3.The disgruntled employee

Disgruntled employees aren’t just angry. They’re potentially dangerous, even if they don’t resort to physical violence. Some may turn to cybercrime, including stealing information, destroying property, systems or data and disrupting business operations. Such incidents may arise when details about upcoming redundancies may be leaked, leaving the opportunity for affected employees to use their existing administrative access to download confidential company files that they may choose to distribute or as a bargaining chip for their next role.

4.The malicious insider

Often difficult to detect as they hide their true feelings, these actors have access to corporate assets and endpoints systems, servers, networks, and organisation domains. They use these existing privileges to steal corporate information for personal gain. Typically, a malicious insider act on their own and can be a current or former employee, contractor or business partner. They may also steal co-workers’ credentials to gain unauthorised access to an organisation’s network, system or data.
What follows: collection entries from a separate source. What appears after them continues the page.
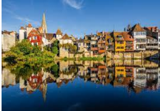
La Venise du Berry à Argenton-sur-Creuse
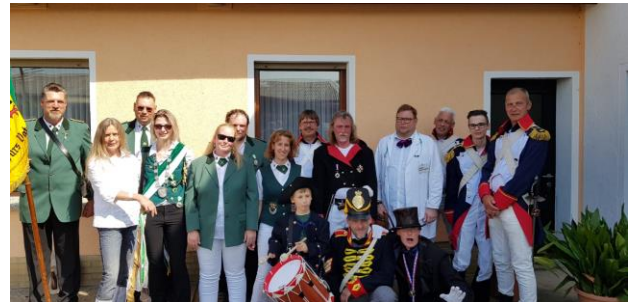
Gruppenfoto vor dem Rundmarsch in Cammer

Wir waren letztes Jahr auf dem Schützenfest in Kathrinshagen, Luhden, Obernkirchen, Minden und Rinteln sowie auf dem Kreisschützenfest in Cammer sehr stark vertreten bei manchen Veranstaltungen auch dank der Napoleon Truppe Rolfshagen. Wir konnten sehr viele neue Kontakte knüpfen.
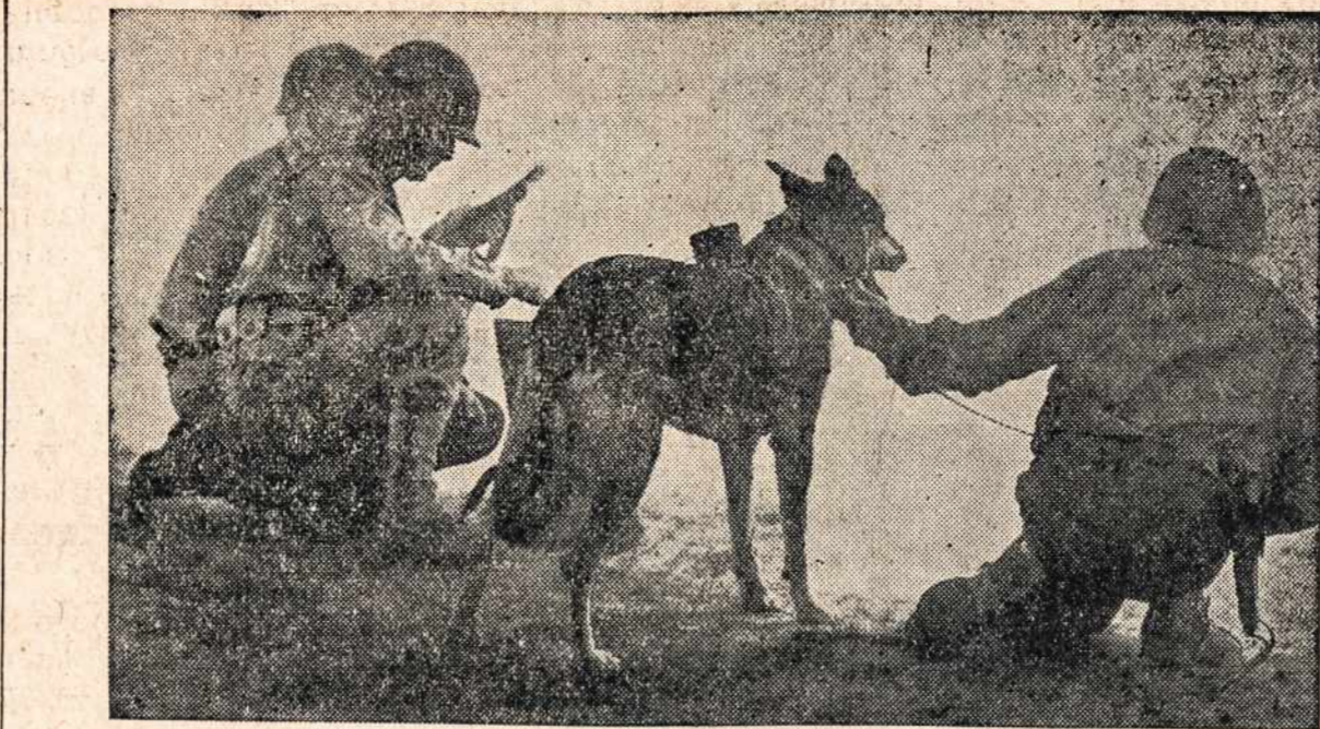
TELEPHONISTAS ŠUO — Gal būt tamstai tik šuo, bet šiems kariaus jis yra tikra telephonistas. Jis taip išmokintas, kad telefono kariai užtaisę vielą su špule pasiūnčia ši šunį į fronto pirmutinę liniją, kur jis nubėgdamas nutraukia ir vielą. Ten kariai prisijungia telefoną, o šuo akimirksniu ir vėl su savo štabu telefonistų.

Būdamas šešiolikos metų savo amžiaus, jis paliko savo namus ir iškeliavo į San Germano pas savo dėdę, kad ten išmokytų kaip reikiant vesti bizniaus amata, kaip jau seniai jojo dėdė to pageidavo. Mat jojo dėdė labai troško padaryti jį savo turtų įpėdiniu. Čia jaunajam Pilypui buvo auksinė proga, lengvai pa-
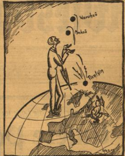
Der politische Jonakur. Nicht wahr, Onkel, meine Kugel läßt du nicht fallen? (Lies-Bogenborn, R.)

Die Verhandlungen zwischen Vertretern des britischen Schachtmates und der polnischen Delegation über einen britischen Rüstungskredit an Polen wurden am Montag fortgesetzt. „Press Association“ rednet damit, daß gegen Ende der Woche wenigstens eine Verlautbarung über den Verhandlungsstand veröffentlicht werden wird.
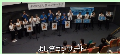
よし笛コンサート
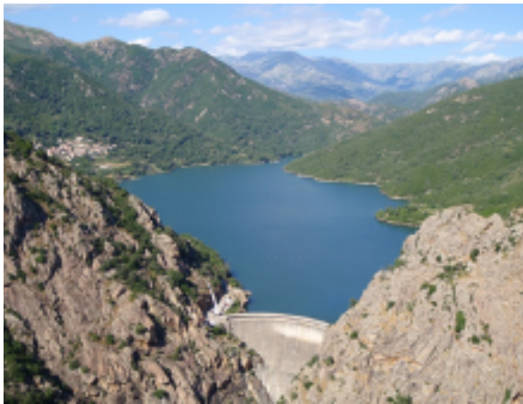
Document 2 : barrage de Tolla.

Ci-dessous, un exemple de paysage et de son croquis :
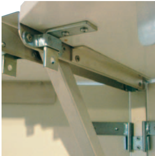
Die Thekenplatten werden mit Stahlhaken in die Thekenhalterungen eingehängt
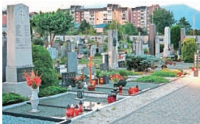
Pogrebna dejavnost naj po mnenju državnih svetnikov ostane v javnem interesu.

Večina državnih svetnikov, ki je ta teden izglasovala odločilni veto, je prepričanih, da je organiziranje opravljanja pokopališke in pogrebne dejavnosti v skladu z veljavno zakonodajo, zakonom o lokalni samoupravi, v izvorni pristojnosti lokalnih skupnosti, ministrstvo za gospodarstvo pa je vanj poseglo brez resne predhodne analize. Zakon bo šel v ponovno odločanje najverjetneje na prvi jesenski seji državnega zbora, za njegovo sprejetje pa bo potrebna absolutna večina.
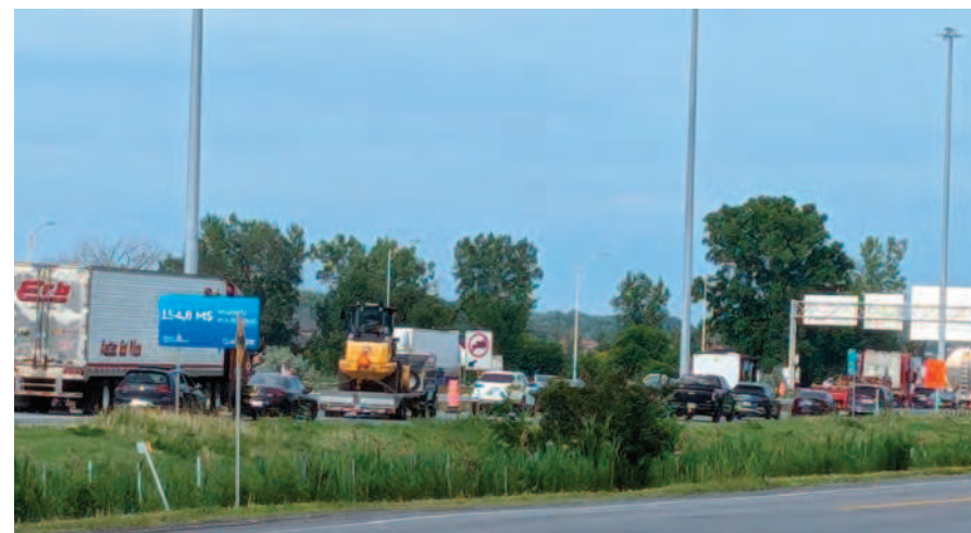
Les travaux de la troisième voie sur l'autoroute 20 à la hauteur de Sainte-Julie ont un impact sur la circulation dans la ville.

« Donc peut-être que l'année prochaine, on devrait avoir accès à une bonne partie de cette troisième voie qui n'est pas encore accessible. Le trafic dense, il sera après la sortie 105 et non plus la sortie 102, qui est la sortie de Sainte-Julie », a-t-il souhaité.
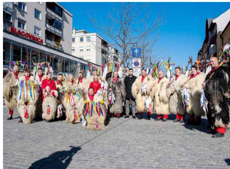
Mursko Soboto so (tradicionalno) obiskali kurenti.
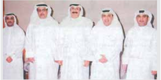
لقطة جماعية مع محافظ البنك المركزي
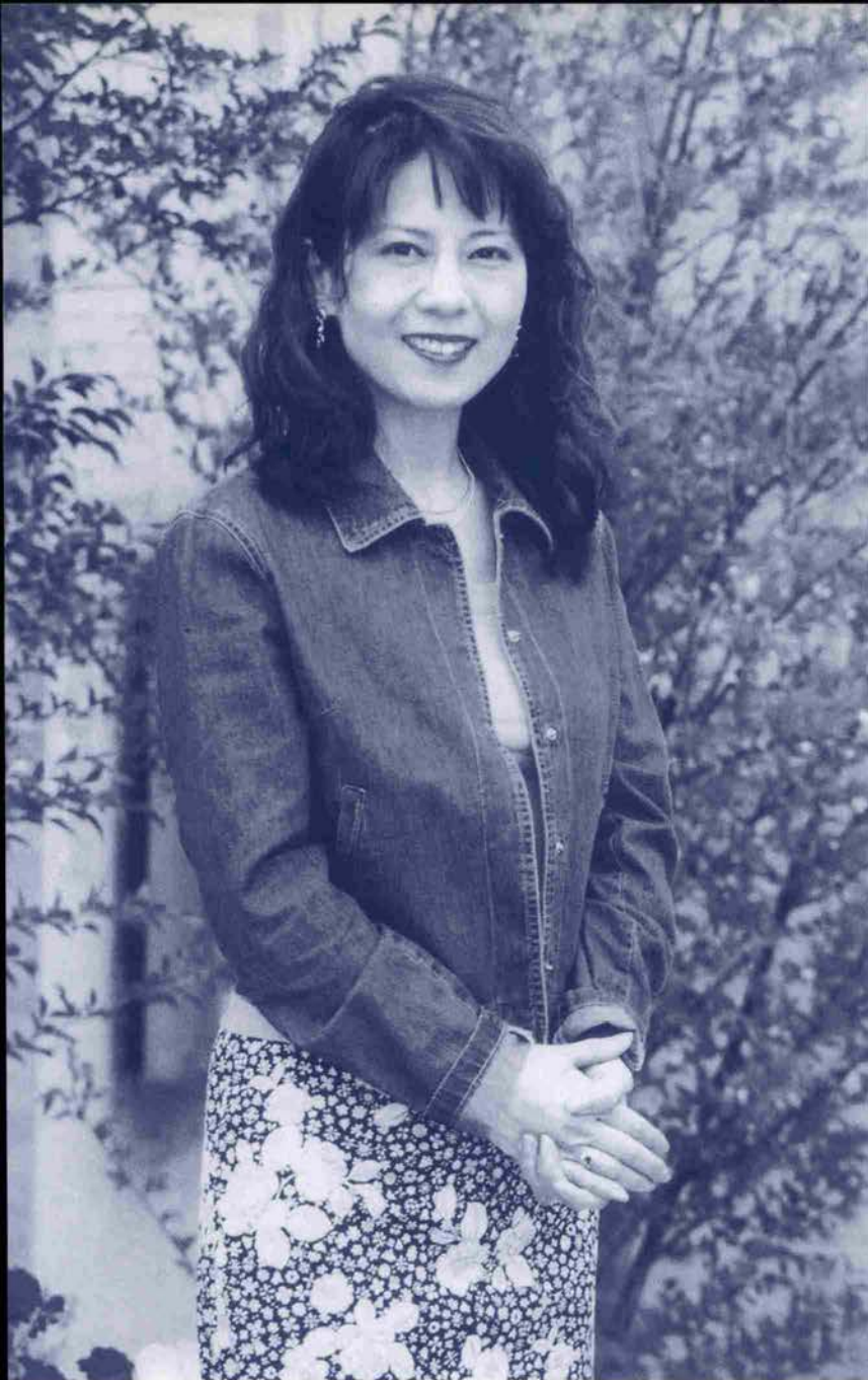
芦屋ルナホール

五月十三日、十四日に神戸アートビレツジセンターで開かれた第一回神戸ジャズヴオーカルクイーンコンテストで、全国約四十組のなかから栄光を勝ち取った。
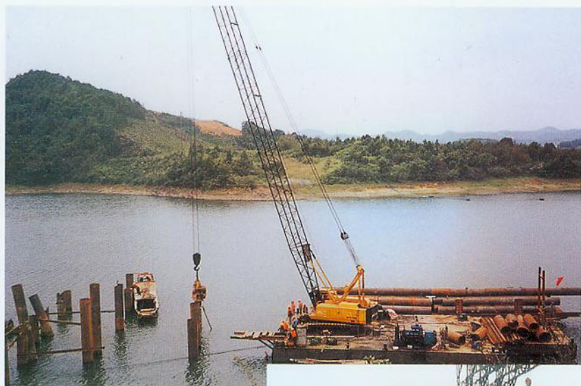
● 大桥桩基平台 施工
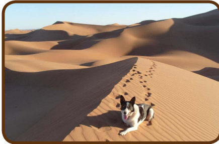
Tolle Dünen auch für Skye
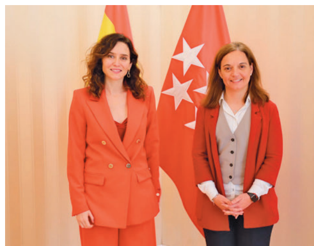
La alcaldesa señaló que es la primera reunión en 5 años

Mientras el Ejecutivo regional afirma que este año invertirá más de 45 millones de euros en la localidad, la regidora ha criticado que no haya habido "ni un solo compromiso" sobre los asuntos pendientes con Getafe. "Pero insistiremos, nuestra ciudad merece más desde la Puerta del Sol", ha dicho.

These attackers made up 12 per cent of total malicious attacks recorded during the last calendar quarter of 2018 by the OAIC’s Notifiable Data Breaches Quarterly Report. They were most prominent in the healthcare and finance sectors.

5.The feckless third-party

The feckless third-party is a threat actor with inside access, who through negligence, misuse or malicious intent compromises organisational security. An example of when these threat actors may attack could be through data exfiltration by redirecting an organisation’s network traffic to an unknown, offshore IP address. Attacks like these can be difficult to detect unless organisations monitor their system behaviour to understand what “normal” should look like.

Employees are the first line of defence when organisations try to combat many incidents, including inside threats. Regular security awareness training for new employees, seasoned workers, management and part-time employees that reinforces what is and what isn’t acceptable behaviour is critical – and it should start as part of an employee’s onboarding during their first day.

Training should cover security policies and procedures, what is acceptable user behaviour, how to spot potential security threats, and what the consequences are for unauthorised or malicious activity. Training should have full management support, and attendance or completion of these training sessions are a must.

It’s also good practice for organisations to control and restrict data access to sensitive company information on a need-to-know basis and have systems in place to monitor a baseline of system behaviour to understand what normal and abnormal behaviour looks like. Adopting an IT management process that can vet hardware supply chains including original equipment manufacturers can also help reduce potential risk from threat actors.